Гаугразский пленник, стр. 84

— Мильям, — негромко окликнула Юста.

Она уже сидела рядом, на кошме. Темная фигура, безликая, как полустертые недолюди в глобальих мониторах.

— Как вы жили… с Робом? Расскажи.

Мильям усмехнулась. И каким, интересно, она представляет себе ответ? Односложным — или длинно-подробным, как раз на всю оставшуюся фору?
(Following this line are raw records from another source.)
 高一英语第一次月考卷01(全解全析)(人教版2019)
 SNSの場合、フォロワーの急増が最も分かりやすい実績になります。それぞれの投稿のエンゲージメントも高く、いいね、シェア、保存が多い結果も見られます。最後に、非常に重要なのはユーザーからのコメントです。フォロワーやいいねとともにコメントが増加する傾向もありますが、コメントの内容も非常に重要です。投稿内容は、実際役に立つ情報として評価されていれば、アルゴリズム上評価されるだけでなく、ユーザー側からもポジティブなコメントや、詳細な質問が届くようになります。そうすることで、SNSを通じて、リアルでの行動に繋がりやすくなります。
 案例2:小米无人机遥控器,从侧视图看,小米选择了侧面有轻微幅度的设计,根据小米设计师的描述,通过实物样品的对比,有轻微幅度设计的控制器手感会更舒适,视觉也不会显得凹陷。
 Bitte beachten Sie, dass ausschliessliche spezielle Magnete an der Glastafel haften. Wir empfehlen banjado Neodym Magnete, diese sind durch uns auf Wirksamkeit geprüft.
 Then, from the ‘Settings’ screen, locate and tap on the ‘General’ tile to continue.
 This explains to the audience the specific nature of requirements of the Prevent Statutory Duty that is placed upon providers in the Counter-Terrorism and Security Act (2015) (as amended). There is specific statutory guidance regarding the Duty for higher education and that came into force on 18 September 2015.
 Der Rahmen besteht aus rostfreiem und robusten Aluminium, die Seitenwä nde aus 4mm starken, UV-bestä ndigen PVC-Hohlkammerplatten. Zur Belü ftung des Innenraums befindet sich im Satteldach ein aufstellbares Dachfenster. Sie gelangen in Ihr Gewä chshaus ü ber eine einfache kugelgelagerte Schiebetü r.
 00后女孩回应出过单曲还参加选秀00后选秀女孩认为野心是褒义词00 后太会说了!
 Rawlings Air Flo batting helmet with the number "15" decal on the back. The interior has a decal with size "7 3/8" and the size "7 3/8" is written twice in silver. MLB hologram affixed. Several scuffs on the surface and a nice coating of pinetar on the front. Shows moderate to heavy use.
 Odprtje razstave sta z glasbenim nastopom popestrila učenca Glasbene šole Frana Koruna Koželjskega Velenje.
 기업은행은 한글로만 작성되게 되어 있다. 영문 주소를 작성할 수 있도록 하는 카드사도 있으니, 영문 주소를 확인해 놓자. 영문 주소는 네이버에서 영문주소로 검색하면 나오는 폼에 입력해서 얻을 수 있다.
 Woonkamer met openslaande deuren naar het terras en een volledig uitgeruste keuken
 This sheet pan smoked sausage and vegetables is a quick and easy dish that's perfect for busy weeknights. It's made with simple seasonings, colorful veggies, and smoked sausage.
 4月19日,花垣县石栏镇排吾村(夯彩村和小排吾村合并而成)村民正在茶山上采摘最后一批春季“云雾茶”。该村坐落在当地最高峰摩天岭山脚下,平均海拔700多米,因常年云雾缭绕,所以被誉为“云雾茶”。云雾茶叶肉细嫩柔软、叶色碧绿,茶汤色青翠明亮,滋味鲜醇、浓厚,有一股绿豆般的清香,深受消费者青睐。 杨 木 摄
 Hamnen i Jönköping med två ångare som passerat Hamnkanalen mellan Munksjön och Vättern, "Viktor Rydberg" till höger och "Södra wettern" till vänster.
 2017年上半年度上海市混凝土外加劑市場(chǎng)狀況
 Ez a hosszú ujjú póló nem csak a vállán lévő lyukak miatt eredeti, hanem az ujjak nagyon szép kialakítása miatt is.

Кажется, Юста поняла неуместную объемность своего вопроса. Задала другой:

— У вас были… есть еще дети, кроме Юстаб?

— Сын. Валар.

Прикусила губу. Валар не его сын; он имеет к Пленнику не большее отношение, чем трое старших братьев, оставшихся по ту сторону цепи, доплетенной почти до конца. Не было у них детей. Он не хотел. Он хотел только изменить судьбу великого Гау-Граза… чего и добился. Послезавтра.

— Валар… — раздумчиво повторила Юста. — Надо же. Он на границе?

— Да.

— Пусть Юстаб его вернет. Сегодня же.

В негромком голосе из темноты Мильям почудилась угроза. Вскинулась навстречу:

— Зачем?

— Ты поймешь, — прошелестела Юста. — Потом. Ты не сказала мне, как познакомилась с Самим. И как вообще очутилась в Глобальном социуме? Это Роб тебя послал?.. Как передатчицу?

— Он хотел договориться, — глухо сказала Мильям. — Он просил… Но тогда я не знала всего. Если б знала, не стала бы помогать ему.

— А Сам тебе рассказал, правда?

— Да.

Юста завозилась в полумраке, подтянула колени почти к подбородку, набросила на плечо край кошмы.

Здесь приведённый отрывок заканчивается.